Yeşim Tonbaz ile kendi fikir dünyasına, sinemaya, sanata ve filmlerine doğru kısa bir yolculuğa çıktık.

İyi (Mücerret) okumalar.

Arap Dili ve Edebiyatı mezunu ama sinemacı, öğrenci ama 2 film sahibi yönetmen, insan ama iki çocuk annesi bu kadar tanımlamanın içerisinde “Yeşim Tonbaz” kimdir?

Siz belki de tüm tanımlamaları yapmışsınız aslında, üzerime alabileceğim. Filoloji mezunu, sinema eğitmeni, yönetmen, anne ve hayat boyu öğrenci bir insan evladı. Amasız, rağmensiz.

Nevi şahsına münhasır birisiniz. Öğrencisiniz, öğretmensiniz, editörsünüz. Bu yaz şehir şehir gezip eğitimler verdiniz. Bu kadar uğraş içerisinde iki çocuk sahibisiniz. Sizi bu kadar uğraş içerisinde dinç kılan fikir dünyanızda ne var? Bu kadar uğraş hangi amaçla?

İnsan önce kendine karşı sorumluluklarının peşine düşüyor galiba. Bu bir kendini gerçekleştirme süreci diyebiliriz. Buna senkron olarak varlığının anlamını da gerçekleştirmeli. Benim yaptıklarım yalnızca benim yapabileceğim şeyler. Kıymetli Ağabeyim Hasan Aycın bir muhabbetimizde, “yalnızca senin yapabileceğin şeyleri yapmadan bu dünyadan çekip gittiğini düşünsene.” demişti. Bu var olanlar kadar var edene karşı olan sorumluluğun altını çizen bir cümle. Ben de bu cümleden devşirilebilecek motivasyonla elimden geleni ardıma koymamaya çalışıyorum.

Arap Dili ve Edebiyatı okudunuz ama sinemaya yönlendiniz. Bir sanat dalı olarak sinemaya yönlenmenizdeki amacınız nedir?

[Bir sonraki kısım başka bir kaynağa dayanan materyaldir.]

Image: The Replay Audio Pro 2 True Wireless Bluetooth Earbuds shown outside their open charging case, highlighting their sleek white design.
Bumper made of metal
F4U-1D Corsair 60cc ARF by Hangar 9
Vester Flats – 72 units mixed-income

Okuduğum bölümden bağımsız bir alandayım, evet. Lisansta Arap Dili ve Edebiyatını tercih ettim. Şimdi de Sinema televizyon alanında yüksek lisans sürecini bitirmek üzereyim. Bu biraz zorunlu olarak üniversite sürecimin 9 yıl kadar geç başlamasıyla ilgili oldu aslında. 28 Şubatla birlikte eğitim hayatıma ara verdim ama bu kendimi ifade edebileceğim, üretebileceğim ve ilgilenmekten de son derece keyif aldığım sinema alanında ‘alaylı’ olarak kendimi geliştirdiğim bir sürece dönüştü. Yok sayılmak istendiğimiz, sınır çizilmek, ‘had bildirilmek’ istendiğimiz bir dönemin ardından sinemada sebat etmiş olmam belki de sinemanın göstermekte ve ifade etmekte son derece mahir olmasındandı, bilemiyorum. Ama bu alan beni en çok tatmin eden, içimi, derdimi mümkün olduğunca kendi üretimlerimle gösterebildiğim,  zaman zaman da başka sanatkarlardan izlediğim bir mecra benim için.

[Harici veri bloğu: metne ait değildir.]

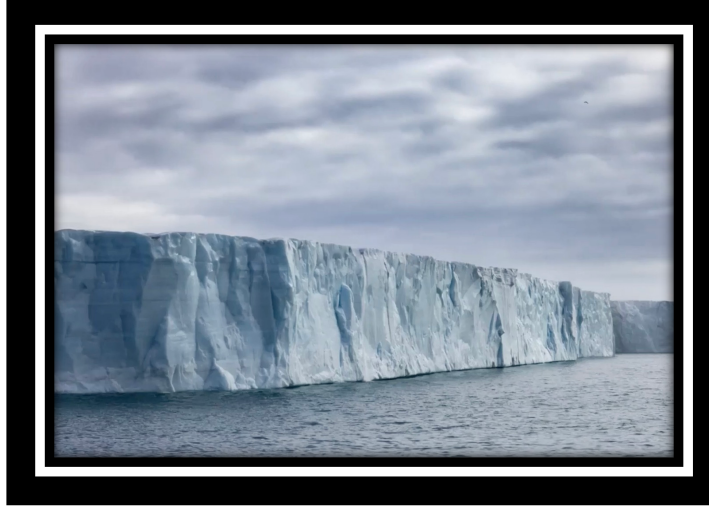
The polar ice cap.

Dünya çapında ahlaki yozlaşma giderek artıyor. Özellikle Netflix, sinemalar, topluma görsel olarak hitap edilen yerlerde ahlaki değerler ayaklar altına alınıyor. Ahlaki değerlerin benimsetilmesinde sinema nerede duruyor ve ahlaki değerlerin benimsetilmesinde sinemacılara ne tür roller düşüyor?

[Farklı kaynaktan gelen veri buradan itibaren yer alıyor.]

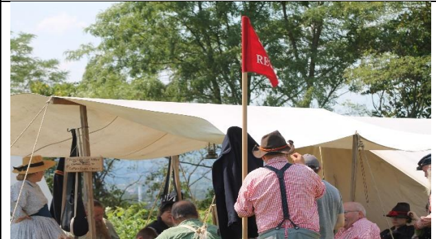
Camp Life and below
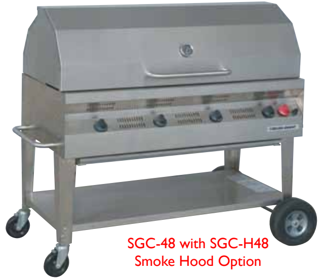
SGC-48 with SGC-H48 Smoke Hood Option
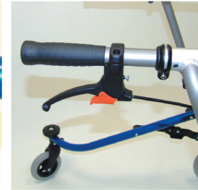
Driving Brake with Wheel Lock

Herkesin derdi kendi yaşama ve inanış biçimini ortaya sermek ve ulaştırmak. Dolayısıyla kim neyi el üstünde tutuyorsa onu üretiyor, onu görünür kılıyor. Burası göstermenin en mümkün olduğu yer, dijital platformlar da dahil. Burası varlığını ortaya koymanın en mümkün olduğu yer. Sinemada varsanız varsınız, bu böyle.

Niyet okumaya kalktığımızda, iyi niyetlilerin bu mecraya pek de destek verdikleri, fon ayırdıkları yani taşın altına ellerini koydukları söylenemez. İzlediklerimizden, en çok gündeme gelen içeriklerden bunu anlıyoruz.

Özellikle sinema ve medya dünyasında yapılan algı yönetimine karşı nasıl bir karşı duruş almalıyız, zihinsel bulanıklığın önüne geçebilmek için nelere dikkat etmeliyiz?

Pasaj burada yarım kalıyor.